Stored items from a collection:
☆ ☆ ☆

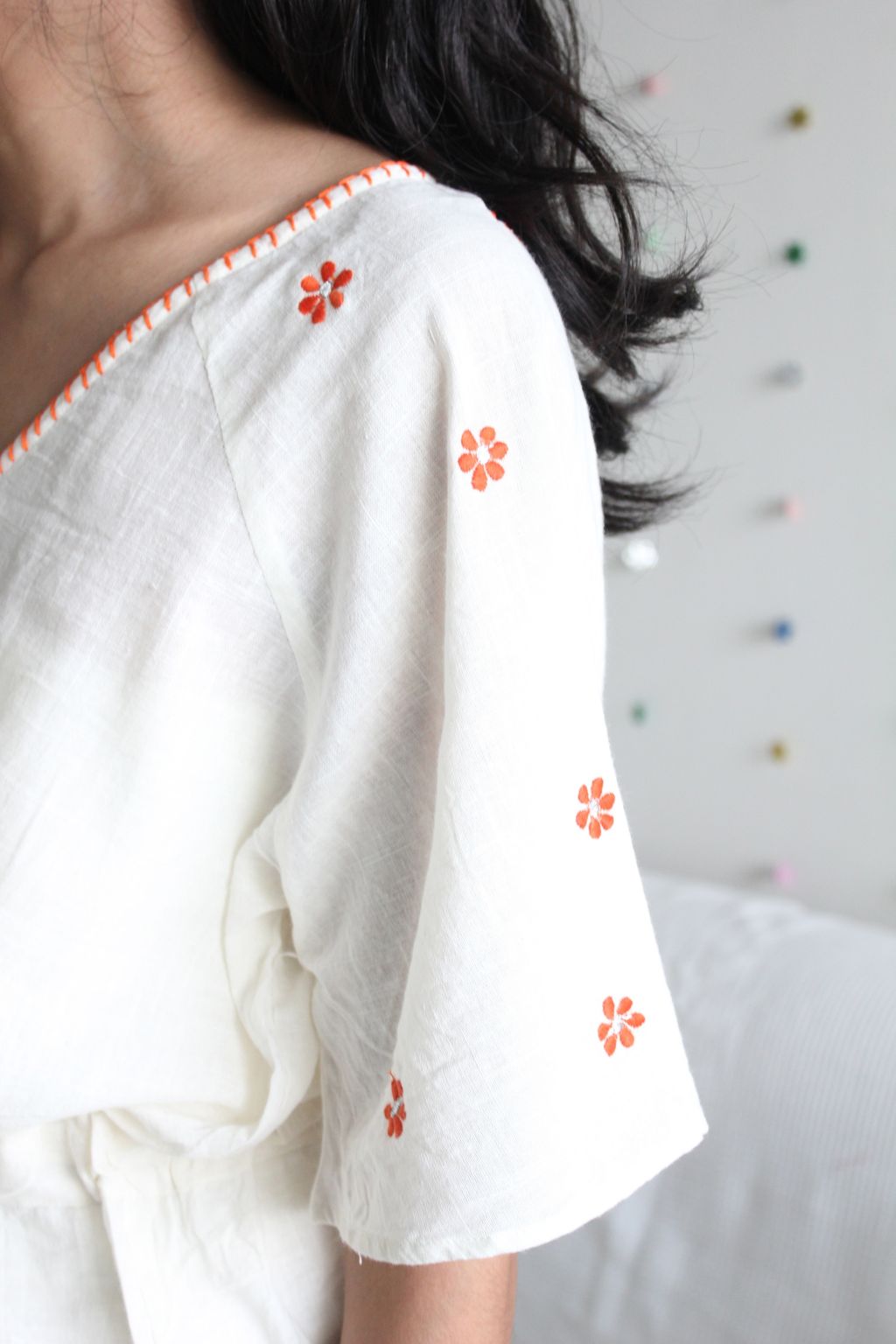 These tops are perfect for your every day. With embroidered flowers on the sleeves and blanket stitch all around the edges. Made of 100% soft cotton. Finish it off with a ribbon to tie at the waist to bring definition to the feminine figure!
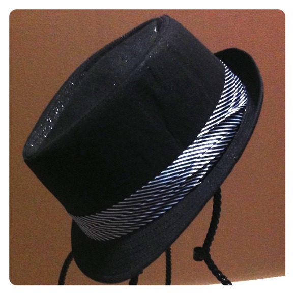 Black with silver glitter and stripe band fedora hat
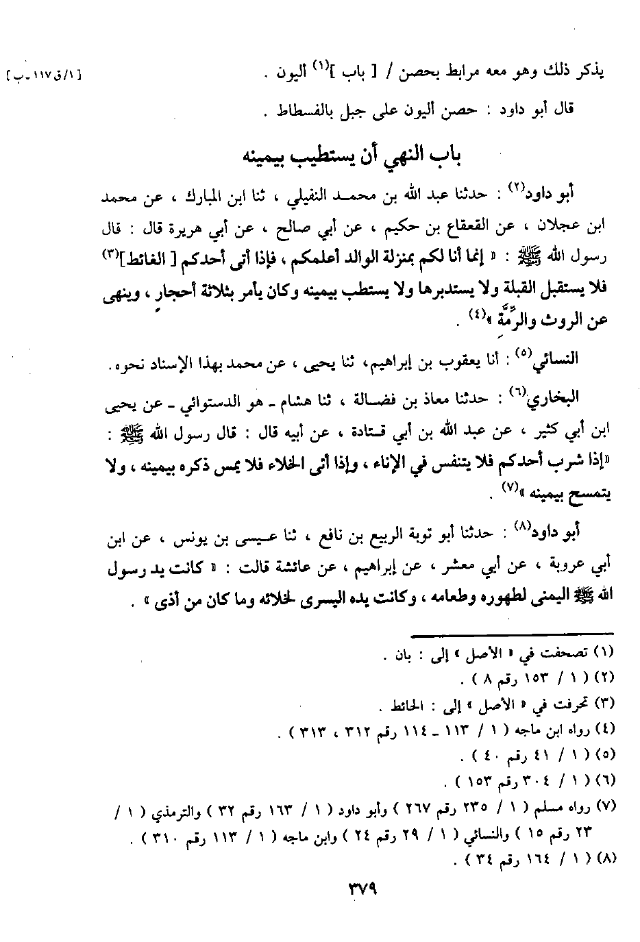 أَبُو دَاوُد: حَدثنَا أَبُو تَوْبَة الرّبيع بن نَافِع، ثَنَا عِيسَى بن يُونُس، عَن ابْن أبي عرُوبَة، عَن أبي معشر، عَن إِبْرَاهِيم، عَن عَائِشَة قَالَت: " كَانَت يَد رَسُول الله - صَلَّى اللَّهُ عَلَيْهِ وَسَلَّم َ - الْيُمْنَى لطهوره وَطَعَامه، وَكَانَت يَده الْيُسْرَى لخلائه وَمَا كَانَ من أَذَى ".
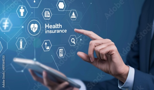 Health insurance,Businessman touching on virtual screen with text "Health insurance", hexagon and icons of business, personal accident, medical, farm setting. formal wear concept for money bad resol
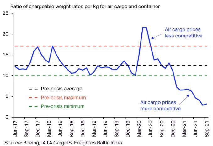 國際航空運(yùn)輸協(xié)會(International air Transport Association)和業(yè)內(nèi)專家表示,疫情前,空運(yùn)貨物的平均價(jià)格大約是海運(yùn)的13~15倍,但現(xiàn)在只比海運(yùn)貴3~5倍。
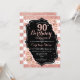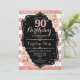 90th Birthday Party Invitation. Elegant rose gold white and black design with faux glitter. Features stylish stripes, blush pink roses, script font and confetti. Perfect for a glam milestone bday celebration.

☆ ☆ ☆

### TASK STATEMENT
In the records above, find the line with "Black with silver". Print exactly from there through the line with "國際航空運(yùn)輸協(xié)會(International air Transport", minus the pictures.

### EXERCISE RESULT
 Black with silver glitter and stripe band fedora hat
 أَبُو دَاوُد: حَدثنَا أَبُو تَوْبَة الرّبيع بن نَافِع، ثَنَا عِيسَى بن يُونُس، عَن ابْن أبي عرُوبَة، عَن أبي معشر، عَن إِبْرَاهِيم، عَن عَائِشَة قَالَت: " كَانَت يَد رَسُول الله - صَلَّى اللَّهُ عَلَيْهِ وَسَلَّم َ - الْيُمْنَى لطهوره وَطَعَامه، وَكَانَت يَده الْيُسْرَى لخلائه وَمَا كَانَ من أَذَى ".
 Health insurance,Businessman touching on virtual screen with text "Health insurance", hexagon and icons of business, personal accident, medical, farm setting. formal wear concept for money bad resol
 國際航空運(yùn)輸協(xié)會(International air Transport Association)和業(yè)內(nèi)專家表示,疫情前,空運(yùn)貨物的平均價(jià)格大約是海運(yùn)的13~15倍,但現(xiàn)在只比海運(yùn)貴3~5倍。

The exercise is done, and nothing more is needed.